Strasse Surname History

Ireland already had an established system of hereditary surnames when the Anglo- Normans arrived. Often the two traditions blended together quite well due to some of their basic similarities, but the incoming Anglo-Norman system brought in some forms that were uncommon amongst the Irish. One of these Anglo-Norman anomalies was the prevalence of local surnames, such as Strasse. Local names were taken from the names of a place or a geographical feature where the person lived, held land, or was born. Originally, the place names were prefixed by de, which means from in French. This type of prefix was eventually either made a part of the surname if the place name began with a vowel or it was eliminated entirely. The local surnames of these Anglo-Norman invaders referred to places in Normandy, or more typically England, but eventually for those Anglo- Normans that remained in Ireland, the nicknames referred to places or geographical features of the island; therefore they became true local names. The Strasse family appears to have originally lived in Tipperary, where their origin is rather recent in comparison to many other names.

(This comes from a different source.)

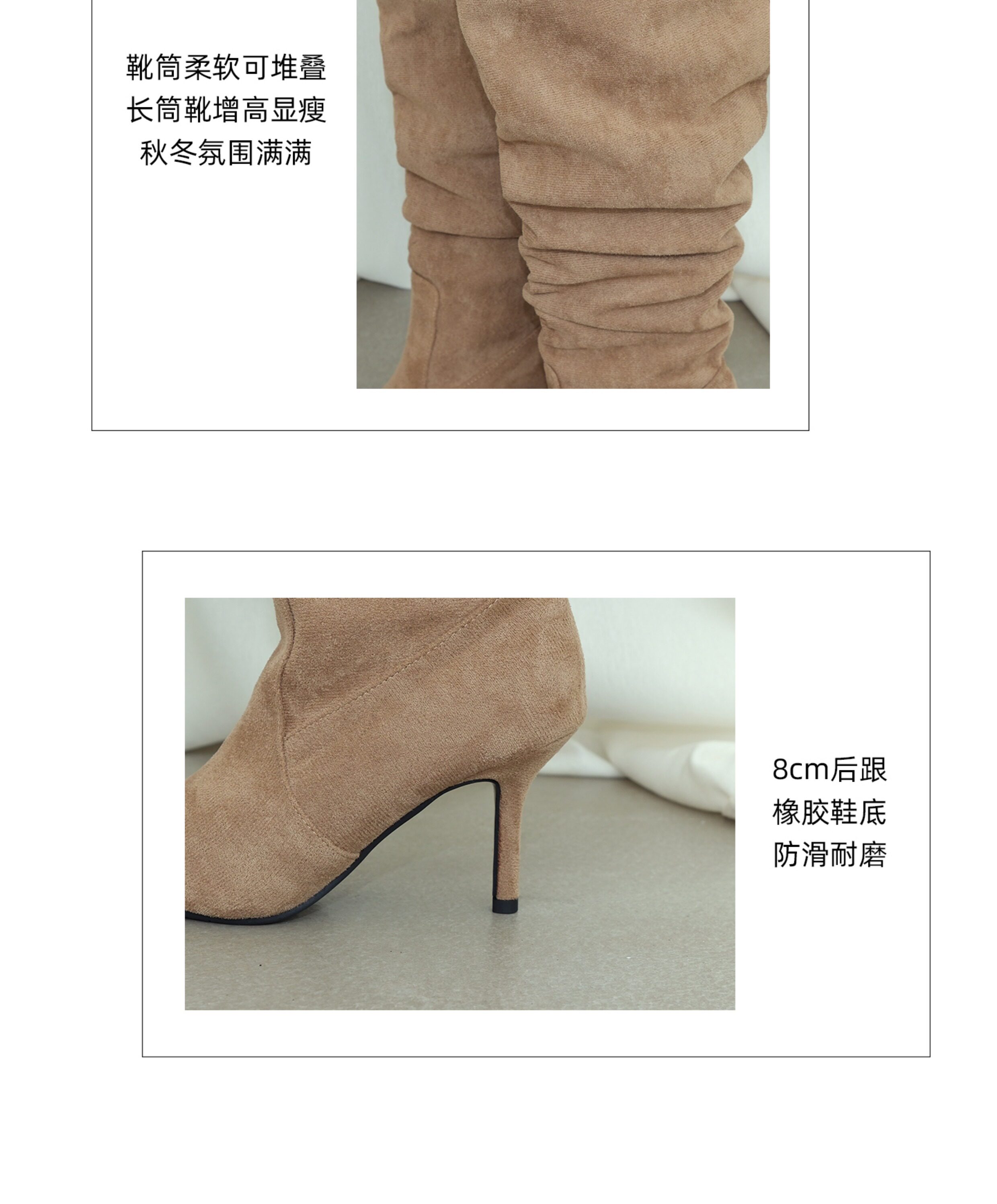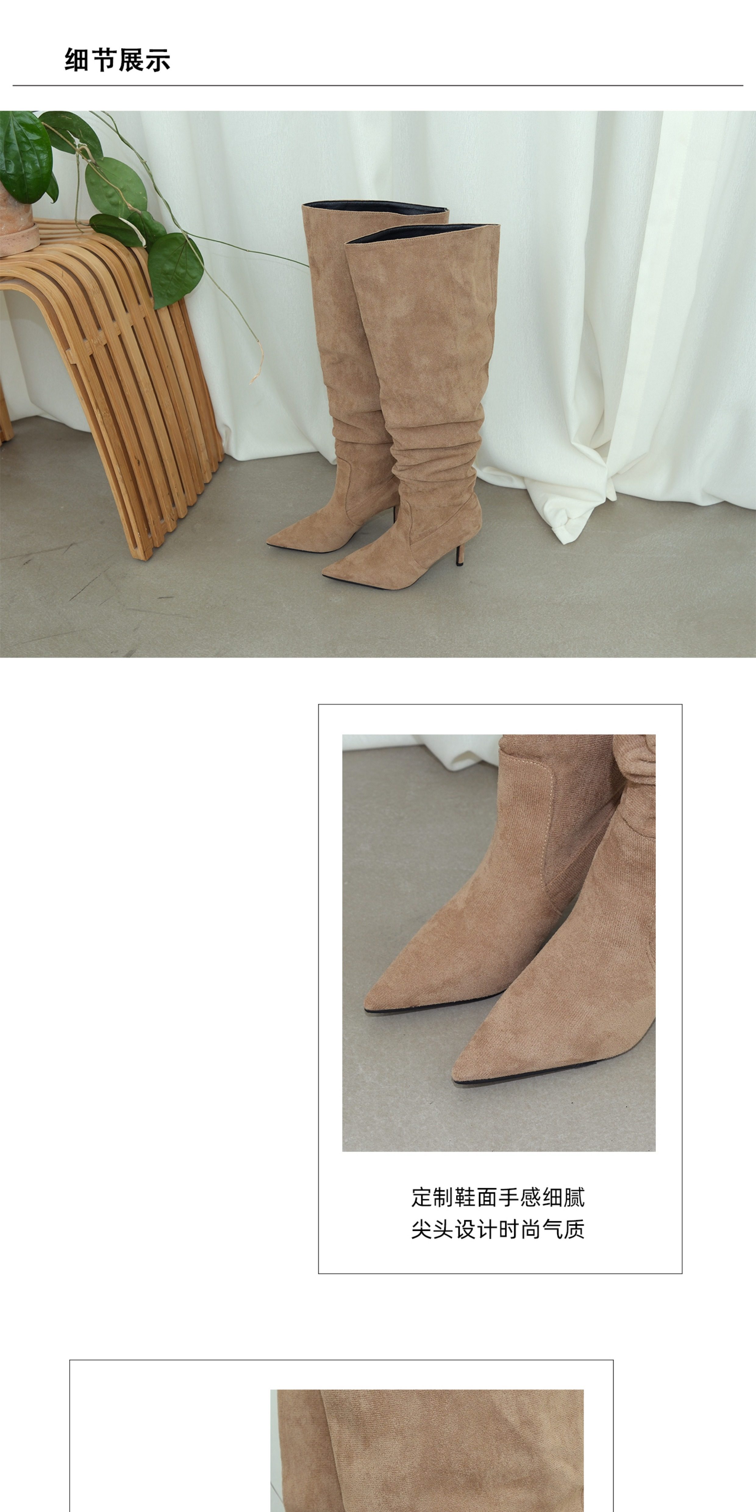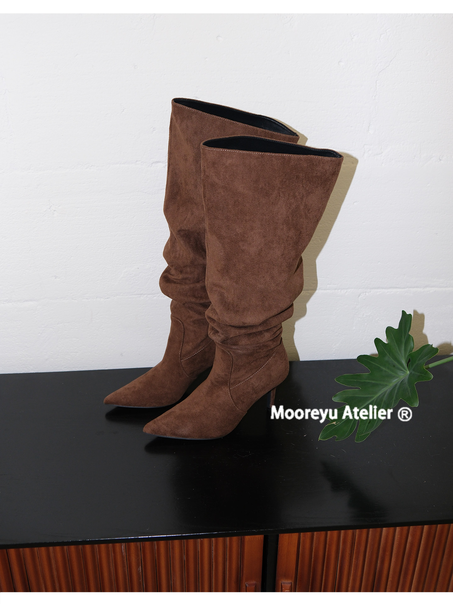 Mooreyu細高跟尖頭長靴女春夏新款復古褶皺堆堆大筒圍不過膝靴子

Early Origins of the Strasse family

The surname Strasse was first found in Tipperary (Irish: Thiobraid Árann), established in the 13th century in South-central Ireland, in the province of Munster, where they held a family seat, and were descended from the O'Mearas or O'Maras of Toomevara in that county.

Early History of the Strasse family

This web page shows only a small excerpt of our Strasse research. Another 97 words (7 lines of text) covering the years 1640, 1798, and 1866 are included under the topic Early Strasse History in all our PDF Extended History products and printed products wherever possible.

Strasse Spelling Variations

Scribes and church officials generally spelled a name as it sounded; as a result a person's name could be spelt innumerable ways in his lifetime. Different spelling variations of the Anglo-Norman surname Strasse were found in the many archives researched. These included Strappe, Strasse, Strapp, Strass and others.

Early Notables of the Strasse family (pre 1700)

More information is included under the topic Early Strasse Notables in all our PDF Extended History products and printed products wherever possible.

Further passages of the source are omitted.